«Наш дорогой В. предложил подвезти тебя». Григорий никогда особо не ломал голову над тем, кем может быть «дорогой В.». Слишком многие имена начинаются с этой буквы. Теперь же его осенило: а что, если «В.» — это Виктор Ельсин? А еще было таинственное предложение: «Не забудь захватить с собой паспорт». Странное замечание для времени, когда никто не выходил из дома без документов. Паспорт был столь же необходим, как кошелек. Зачем особо подчеркивать это в письме? А если это что-то вроде шифра? В этом случае и невинное «Только бы погода не подкачала! В противном случае не надо» могло иметь тайный смысл.
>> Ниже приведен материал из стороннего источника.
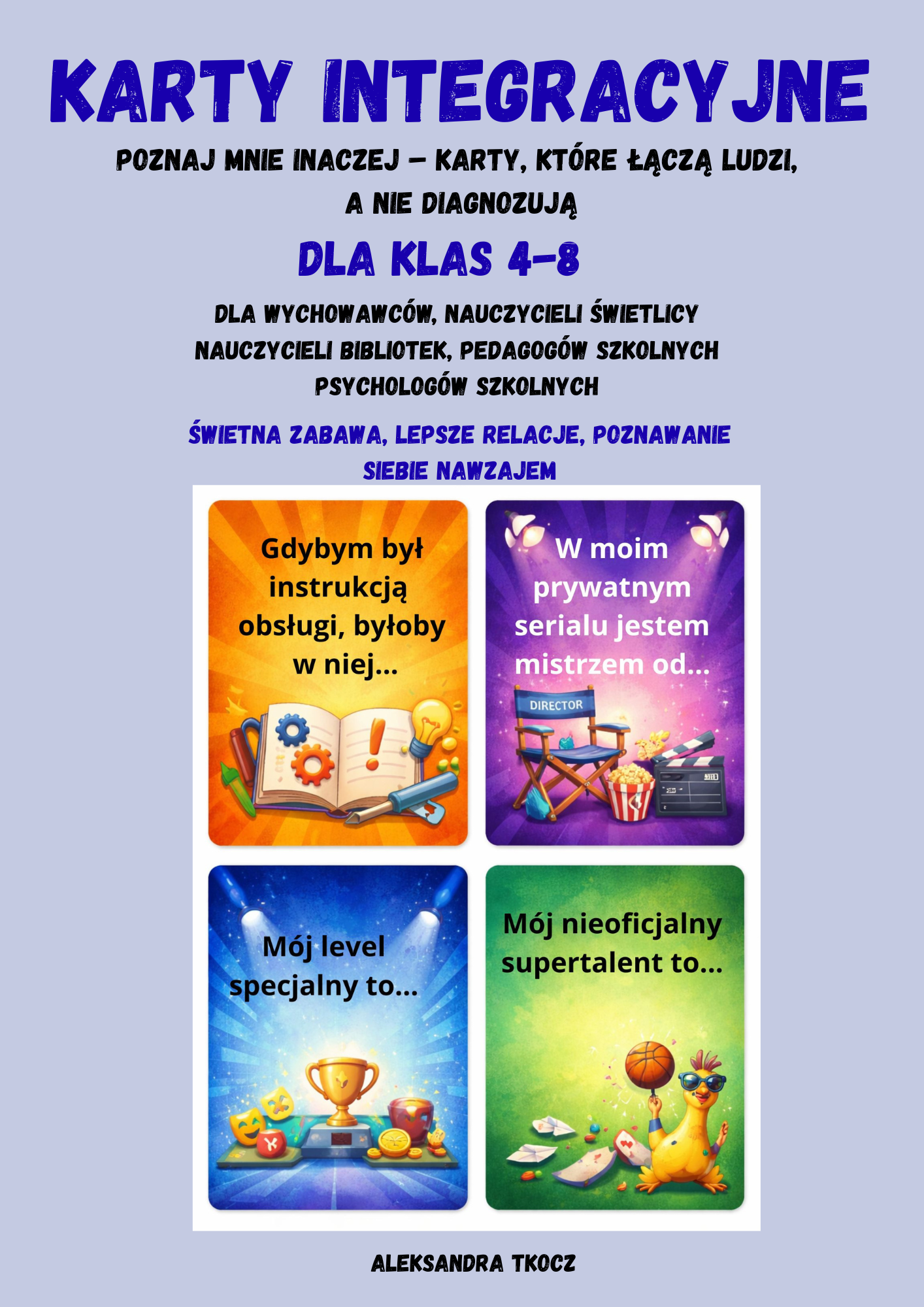 Karty integracyjne "Poznaj mnie inaczej" - dla klas 4-8Karty integrujące zespół klasowy lub grupę. Bez diagnozowania, bez oceniania, bez spiny.9,00 zł -

Голова болела. Григорий зажмурился.
Обе возможности имели смысл теперь, когда в дело вмешалась Дрю и выплыл Герштейн. Тон письма вполне мог принадлежать мужчине, отбывающему срок в тюрьме. Вот только стихи написаны Ельсиным. В этом не было ни малейшего сомнения.
Странная мысль пришла Григорию в голову. А что, если Виктор Ельсин прочел письма и позаимствовал образы из них?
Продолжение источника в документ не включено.